Why does the workflow start with rearranging and deleting highlights instead of immediately linking everything?
How does Capacities help turn a highlight into a reusable piece of knowledge?
What’s the difference between back links and mentions, and why does it matter for refining definitions?
Why does the workflow sometimes link definitions to definitions instead of highlights to definitions?
What role do AI Q&A and notes attached to highlights play in the workflow?
When should a highlight be converted into an object?
Review Questions
- How would you decide which highlights to delete versus keep when setting up a new article in Capacities?
- Describe a concrete example of how you would create a definition object and use back links and mentions to refine it.
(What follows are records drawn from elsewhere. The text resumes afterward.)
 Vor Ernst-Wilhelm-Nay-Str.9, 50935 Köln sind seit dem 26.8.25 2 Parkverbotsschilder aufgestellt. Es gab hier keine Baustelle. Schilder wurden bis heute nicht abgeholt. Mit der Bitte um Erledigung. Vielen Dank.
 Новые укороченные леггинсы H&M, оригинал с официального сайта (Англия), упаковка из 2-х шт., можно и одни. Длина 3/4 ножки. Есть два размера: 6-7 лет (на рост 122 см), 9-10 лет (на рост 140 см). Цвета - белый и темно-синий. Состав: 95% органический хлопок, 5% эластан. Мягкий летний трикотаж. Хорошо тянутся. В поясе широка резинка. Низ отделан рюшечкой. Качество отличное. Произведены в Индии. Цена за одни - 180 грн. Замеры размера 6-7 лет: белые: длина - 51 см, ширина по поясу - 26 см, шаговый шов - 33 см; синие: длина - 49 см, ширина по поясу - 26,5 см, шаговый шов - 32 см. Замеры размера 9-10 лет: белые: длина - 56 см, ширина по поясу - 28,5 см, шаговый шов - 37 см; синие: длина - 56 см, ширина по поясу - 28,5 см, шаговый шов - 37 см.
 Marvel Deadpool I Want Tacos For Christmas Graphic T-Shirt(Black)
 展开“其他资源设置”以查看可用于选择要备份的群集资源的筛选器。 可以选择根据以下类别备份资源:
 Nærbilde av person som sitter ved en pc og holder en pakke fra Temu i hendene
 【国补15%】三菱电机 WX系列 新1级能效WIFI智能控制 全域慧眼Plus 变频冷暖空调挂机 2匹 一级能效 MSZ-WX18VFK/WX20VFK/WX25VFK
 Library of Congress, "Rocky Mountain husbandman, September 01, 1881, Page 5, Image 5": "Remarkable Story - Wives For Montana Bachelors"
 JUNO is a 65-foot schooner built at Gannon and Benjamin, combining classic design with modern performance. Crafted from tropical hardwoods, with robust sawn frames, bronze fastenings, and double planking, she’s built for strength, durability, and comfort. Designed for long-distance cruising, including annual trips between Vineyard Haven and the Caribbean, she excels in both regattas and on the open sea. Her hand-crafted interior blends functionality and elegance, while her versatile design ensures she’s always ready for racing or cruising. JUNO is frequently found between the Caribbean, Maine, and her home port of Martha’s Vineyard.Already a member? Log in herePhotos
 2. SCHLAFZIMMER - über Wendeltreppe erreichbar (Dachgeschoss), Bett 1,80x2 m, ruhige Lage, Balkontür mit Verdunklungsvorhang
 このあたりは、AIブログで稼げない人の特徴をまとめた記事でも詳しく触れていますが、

- What situations would make you link a highlight to a definition versus linking one definition to another?
Key Points
- 1
Start with intentional triage: group related highlights under headings, add short reminders if needed, and delete low-value highlights while keeping the Readwise archive intact.
- 2
Use indentation and headings to preserve the structure of ideas so future review happens by concept, not by isolated quotes.
- 3
Link highlights to the concepts they support; create missing definition objects when you realize you lack a working definition (e.g., for “complexity”).
- 4
Refine definitions by reviewing both back links (explicit links) and mentions (unlinked references) to capture what the highlights collectively teach.
- 5
Promote standout highlights into objects when you want them to be searchable, taggable, and reviewable across the whole system.
- 6
Let linking reveal relationships; when the learning is actually about a mechanism or framework, link definitions to definitions for precision.
- 7
Keep the workflow sustainable: treat it as a menu, not a checklist—do deeper linking when it’s meaningful, and revisit later when you’re ready.